Prospective Q RT-PCR Analysis of Fresh Frozen Appendices

Levels of CgA were used to determine whether any covert appendiceal tumors could be identified in 11 prospectively collected surgical acute appendicitis cases. Levels were compared with normal appendiceal samples and with a highly malignant appendiceal tumor with liver and omental metastases. CgA levels were elevated in the positive controls compared with normal mucosa (P < 0.0008) and 10 of the 11 appendicitis specimens (P < 0.005) (Fig. 7). Levels of CgA were low in appendicitis samples, except for 1 case (acute suppurative appendicitis with peri-appendicitis) that exhibited CgA levels at ∼10 times the levels present in other tissues. This was significantly (P < 0.02) elevated compared with both the normal mucosa and other appendicitis specimens. Expression levels of the other 4 marker genes (NAP1L1, MAGE-D2, MTA1, and NALP1) were not elevated in this sample and levels were not different to expression levels in the 16 “incidental” carcinoids (examined above). Staining of this appendiceal specimen demonstrated the presence of a cluster of CgA immunopositivity (Fig. 8). This was absent in samples without elevated CgA gene expression. Based on these observations, it is plausible that one of the 11 surgically resected appendiceal specimens is worthy of consideration to be upgraded to a covert appendiceal tumor.

graphic file with name 9FF7.jpg — **FIGURE 7.** Message levels of *CgA* determined by Q RT-PCR. Levels of *CgA* were significantly overexpressed (∼15 times) in the malignant appendiceal tumor and its liver and omental metastases (AM) compared with normal mucosa (AN). Levels were not different from normal mucosa in 10 of the acute appendicitis specimens (A). One acute sample had elevated *CgA* message. • = acute appendicitis sample with abnormally elevated CgA gene expression. *P < 0.005. Data are mean ± SEM.

graphic file with name 9FF8.jpg — **FIGURE 8.** Expression levels of CgA determined by immunohistochemistry in a specimen of acute suppurative appendicitis with elevated CgA transcript levels. Tri-color imaging of this section demonstrated significant overlap between cytoplasmic CgA and cytokeratin staining in discrete areas. These included the area adjacent to the lumen (A) where CgA-positive cells forming glandular-type structures were noted and in fatty areas where individual CgA-positive cells could be noted (B). Yellow arrow heads identify CgA-positive cells. Blue, nuclei (DAPI); green, cytokeratin (Alexa488); red, CgA (Cy5). Dual CgA and cytokeratin staining (red and green) results in a yellow color (original magnification ×100).

DISCUSSION

These data demonstrate, using a Q RT-PCR approach in paraffin-embedded tissue, that malignant appendiceal carcinoids, which like small intestinal carcinoids are derived from the EC cell, have elevated expression of CgA, NAP1L1, MAGE-D2, and MTA1 compared with incidentally identified appendiceal carcinoids.
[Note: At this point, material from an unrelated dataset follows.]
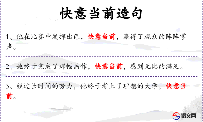- 快意当前:表示目前感到非常满意和快乐。 *. 充满了:表示充满某种情感或物质。

Goblet cell adenocarcinoids, which are a mixed cell tumor type that also includes neuroendocrine cells, also expressed elevated CgA, NAP1L1, MAGE-D2, and MTA1 compared with normal mucosa. These levels were not as elevated as in the malignant EC-derived carcinoid tumors. Incidentally identified tumors, like overt malignant carcinoids, had elevated CgA and elevated NALP1 expression. In contrast, adenocarcinoids had significantly decreased NALP1 expression. The difference in NALP1 expression (elevated in appendiceal carcinoids, decreased in goblet cell adenocarcinoids) provides a molecular marker to differentiate between carcinoids and adenocarcinoids of the appendix. Previous studies have not identified specific genetic differences in EC cell-derived appendiceal tumors compared with other appendiceal tumors or to normal mucosa. In one study, no mutations were identified in K-ras, β-catenin, or DPC4 in goblet cell carcinoids, and p53 was not elevated,³² while another study determined that mucinous and nonmucinous carcinomas of appendix had similar genetic alterations.⁸ The current study, which uses a defined panel of biologically-relevant marker genes, can distinguish different neuroendocrine tumor types found in the appendix.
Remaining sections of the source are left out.